## Task brief:
A verbatim transcription of the listing below is required, without its pictures.
--- START ---
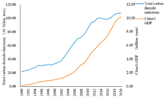 Carbon dioxide emissions and GDP trends in China. (Data source: The World Bank makes the data publicly available https://data.worldbank.org.cn/ (accessed on 7 October 2023)).
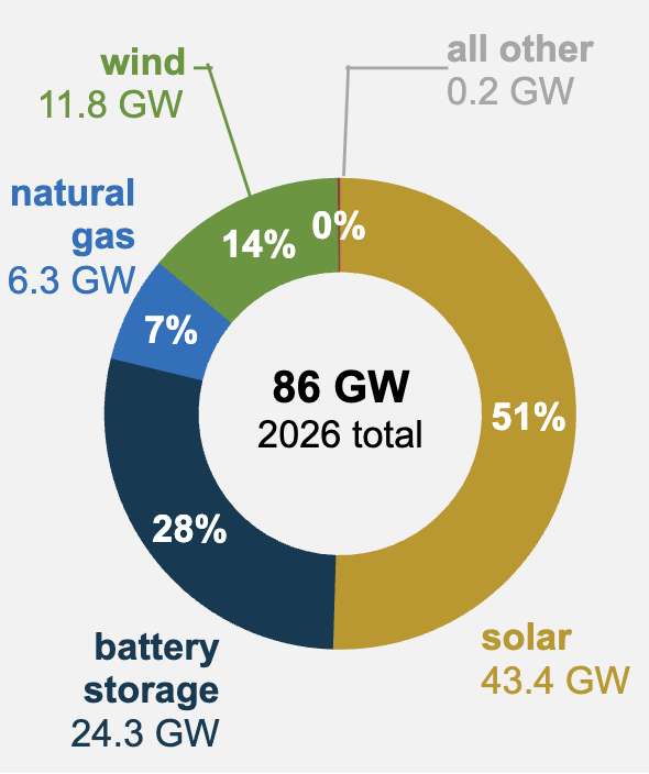From all the President’s bluster about the future being in fossil fuels and his efforts to halt the roll out of wind and solar power, you would think that the US is investing big in new coal and gas powered electricity-generating plants. But the US government’s own figures show a very different story. Solar (51 per cent), battery storage (28 per cent) and wind (14 per cent) account for 93 per cent of the planned 86 gigawatt (GW) increase in utility-scale electricity generating capacity in the US during 2026. The other 7 per cent will be natural gas.
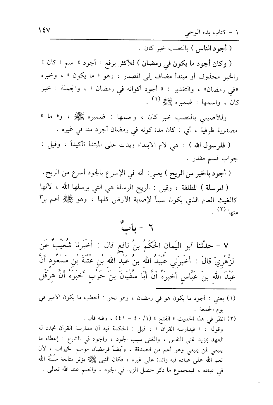 (وكان أجود ما يكون في رمضان) للأكثر برفع "أجود" اسم "كان" والخبر محذوف أو مبتدأ مضاف إلى الصدر، وهو "ما يكون"، وخبره "في رمضان"، والتقدير: "أجود أكوانه في رمضان"، والجملة: خبر كان، واسمها: ضميره - صلى الله عليه وسلم -.
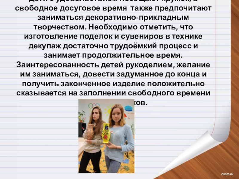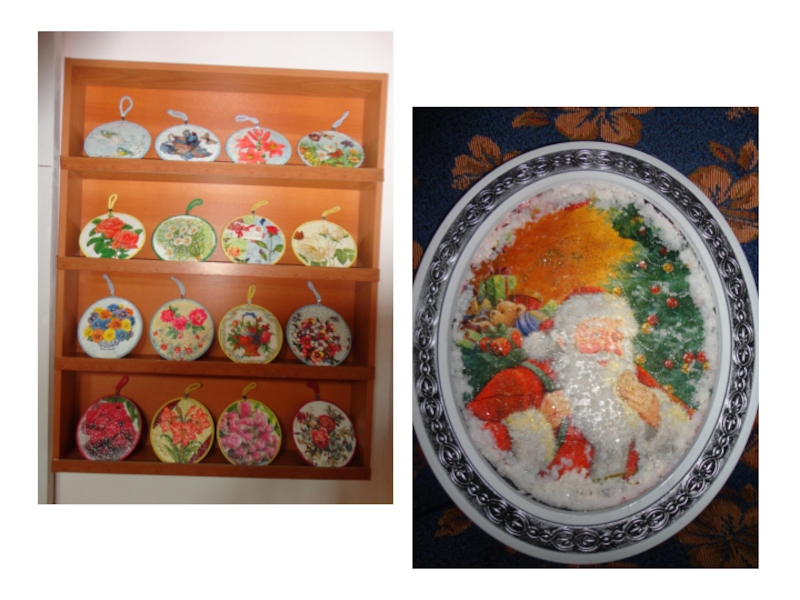 заниматься декоративно-прикладным творчеством. Необходимо отметить, что изготовление поделок и сувениров в технике декупаж достаточно трудоёмкий процесс и занимает продолжительное время. Заинтересованность детей рукоделием, желание им заниматься, довести задуманное до конца и получить законченное изделие положительно сказывается на заполнении свободного времени у воспитанников.
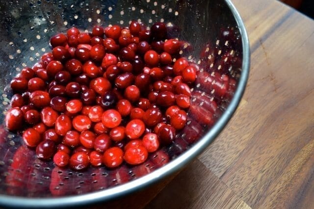 Preheat the oven to 350 degrees. Grab those cranberries and give them a rinse if using fresh.
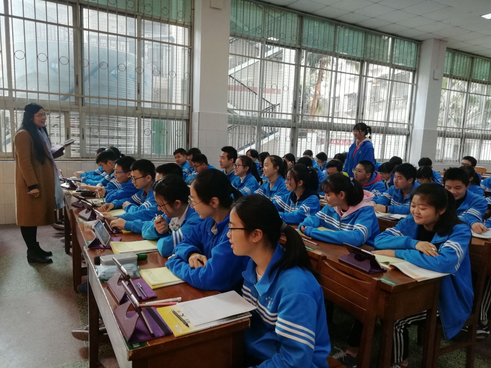 課間,大家還在意猶未盡地討論王老師的作文課時(shí),劉小芳老師已經(jīng)在講臺(tái)上調(diào)試設(shè)備,準(zhǔn)備授課了,學(xué)生們也有序地進(jìn)入教室就坐。劉老師上了一堂以錘煉文句為主的作文課,給大家介紹了“語言升格微創(chuàng)法”。劉老師邊講邊練,講解與練筆同步進(jìn)行,介紹了三種升格語言的方法,即“用詞要有現(xiàn)場感,讓讀者身臨其境”、“表達(dá)要有流動(dòng)性”和“要在文章中有我的體驗(yàn)和發(fā)現(xiàn)”。在鈴聲響起的前幾分鐘,還有很多學(xué)生的現(xiàn)場書寫的佳作來不及和大家分享,劉老師便讓同桌互相交換作品進(jìn)行朗讀,將課堂氣氛推向高潮,下課鈴響后還有不少同學(xué)低聲朗讀。
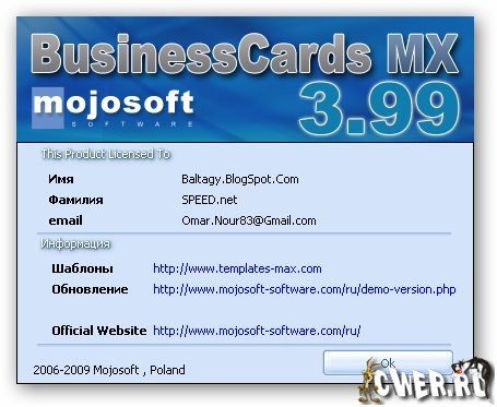 Скачать программу Portable BusinessCards MX 3.99 (79,42 МБ):
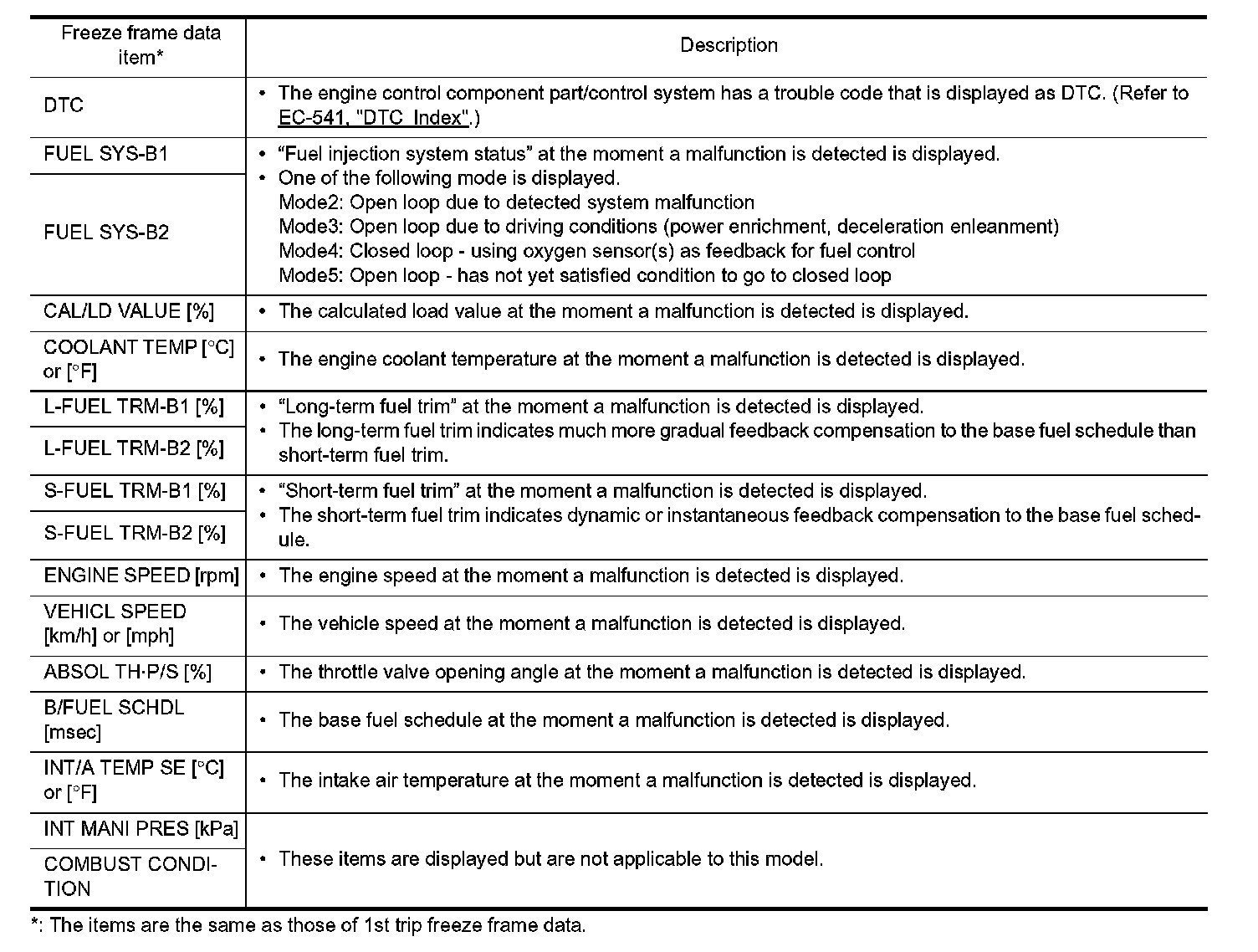 Freeze Frame Data and 1st Trip Freeze Frame Data
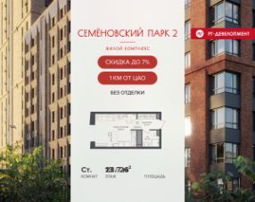 Продается студия 23,7 кв.м. в ЖК "Семеновский парк 2" на 13-м этаже 26 этажного дома.
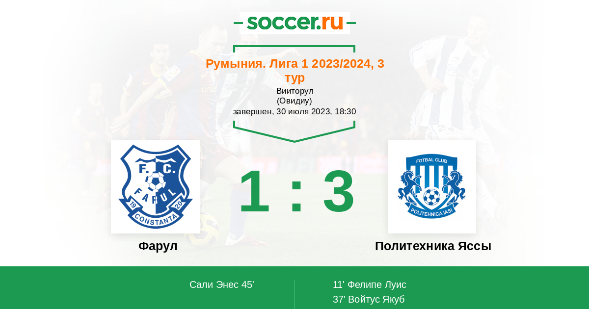 Запасные: 29 Думитраче Валентин (с 46'), 3 Попеску Михай (с 46'), 24 Грамени Константин (с 46'), 19 Андроначе Лука (с 62'), 20 Бенчаиб Амин (с 67'), 66 Гросу Дариус, 12 Айоани Михай Мариан, 99 Дюссо Дамьен, 44 Бассонг Зоран
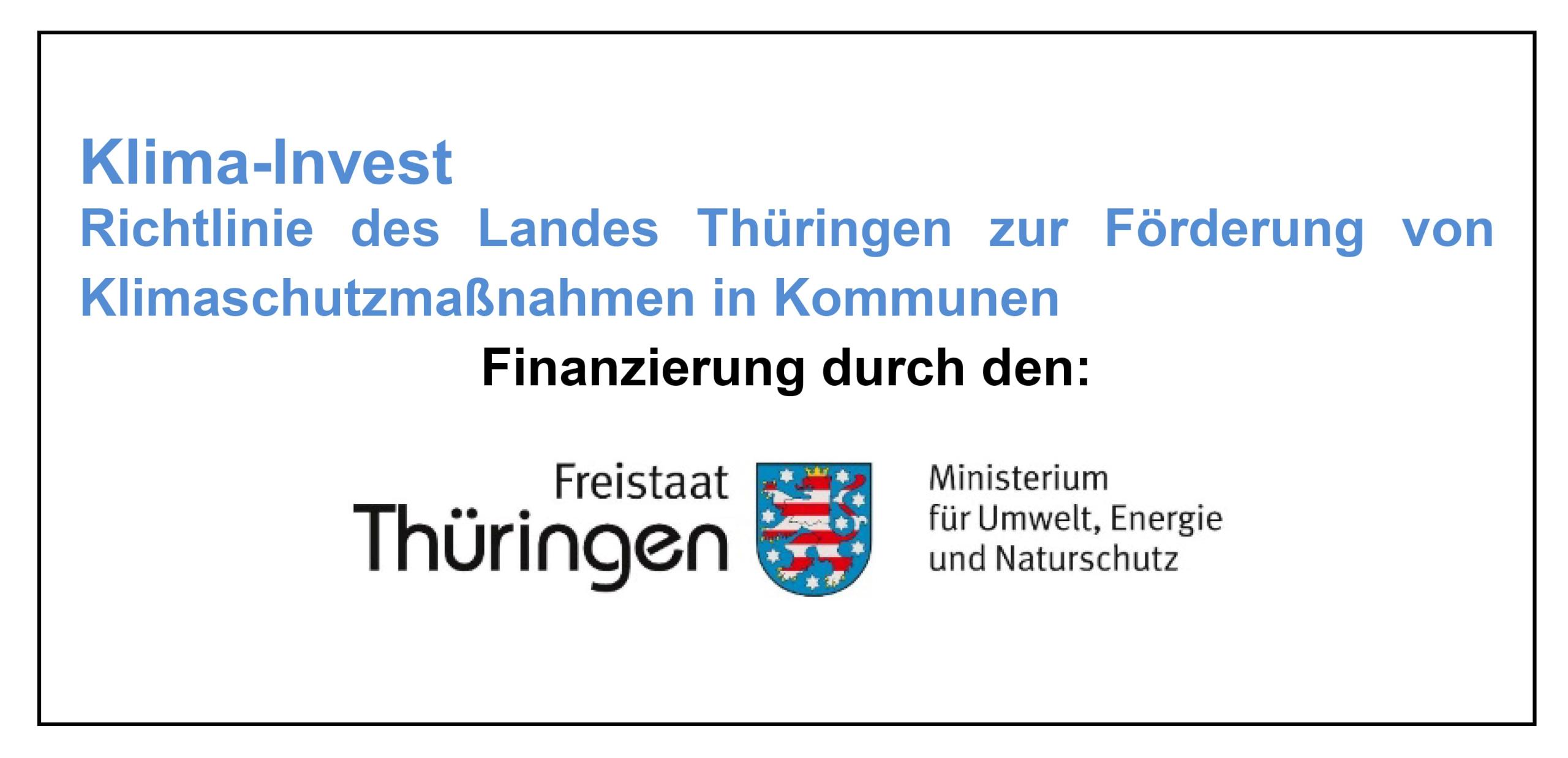 Die Maßnahme wurde zu 60 % gefördert durch das Thüringer Ministerium für Umwelt, Energie und Naturschutz aus dem Programm "Klima Invest"
--- END ---
## Task result:
 Carbon dioxide emissions and GDP trends in China. (Data source: The World Bank makes the data publicly available https://data.worldbank.org.cn/ (accessed on 7 October 2023)).
From all the President’s bluster about the future being in fossil fuels and his efforts to halt the roll out of wind and solar power, you would think that the US is investing big in new coal and gas powered electricity-generating plants. But the US government’s own figures show a very different story. Solar (51 per cent), battery storage (28 per cent) and wind (14 per cent) account for 93 per cent of the planned 86 gigawatt (GW) increase in utility-scale electricity generating capacity in the US during 2026. The other 7 per cent will be natural gas.
 (وكان أجود ما يكون في رمضان) للأكثر برفع "أجود" اسم "كان" والخبر محذوف أو مبتدأ مضاف إلى الصدر، وهو "ما يكون"، وخبره "في رمضان"، والتقدير: "أجود أكوانه في رمضان"، والجملة: خبر كان، واسمها: ضميره - صلى الله عليه وسلم -.
 заниматься декоративно-прикладным творчеством. Необходимо отметить, что изготовление поделок и сувениров в технике декупаж достаточно трудоёмкий процесс и занимает продолжительное время. Заинтересованность детей рукоделием, желание им заниматься, довести задуманное до конца и получить законченное изделие положительно сказывается на заполнении свободного времени у воспитанников.
 Preheat the oven to 350 degrees. Grab those cranberries and give them a rinse if using fresh.
 課間,大家還在意猶未盡地討論王老師的作文課時(shí),劉小芳老師已經(jīng)在講臺(tái)上調(diào)試設(shè)備,準(zhǔn)備授課了,學(xué)生們也有序地進(jìn)入教室就坐。劉老師上了一堂以錘煉文句為主的作文課,給大家介紹了“語言升格微創(chuàng)法”。劉老師邊講邊練,講解與練筆同步進(jìn)行,介紹了三種升格語言的方法,即“用詞要有現(xiàn)場感,讓讀者身臨其境”、“表達(dá)要有流動(dòng)性”和“要在文章中有我的體驗(yàn)和發(fā)現(xiàn)”。在鈴聲響起的前幾分鐘,還有很多學(xué)生的現(xiàn)場書寫的佳作來不及和大家分享,劉老師便讓同桌互相交換作品進(jìn)行朗讀,將課堂氣氛推向高潮,下課鈴響后還有不少同學(xué)低聲朗讀。
 Скачать программу Portable BusinessCards MX 3.99 (79,42 МБ):
 Freeze Frame Data and 1st Trip Freeze Frame Data
 Продается студия 23,7 кв.м. в ЖК "Семеновский парк 2" на 13-м этаже 26 этажного дома.
 Запасные: 29 Думитраче Валентин (с 46'), 3 Попеску Михай (с 46'), 24 Грамени Константин (с 46'), 19 Андроначе Лука (с 62'), 20 Бенчаиб Амин (с 67'), 66 Гросу Дариус, 12 Айоани Михай Мариан, 99 Дюссо Дамьен, 44 Бассонг Зоран
 Die Maßnahme wurde zu 60 % gefördert durch das Thüringer Ministerium für Umwelt, Energie und Naturschutz aus dem Programm "Klima Invest"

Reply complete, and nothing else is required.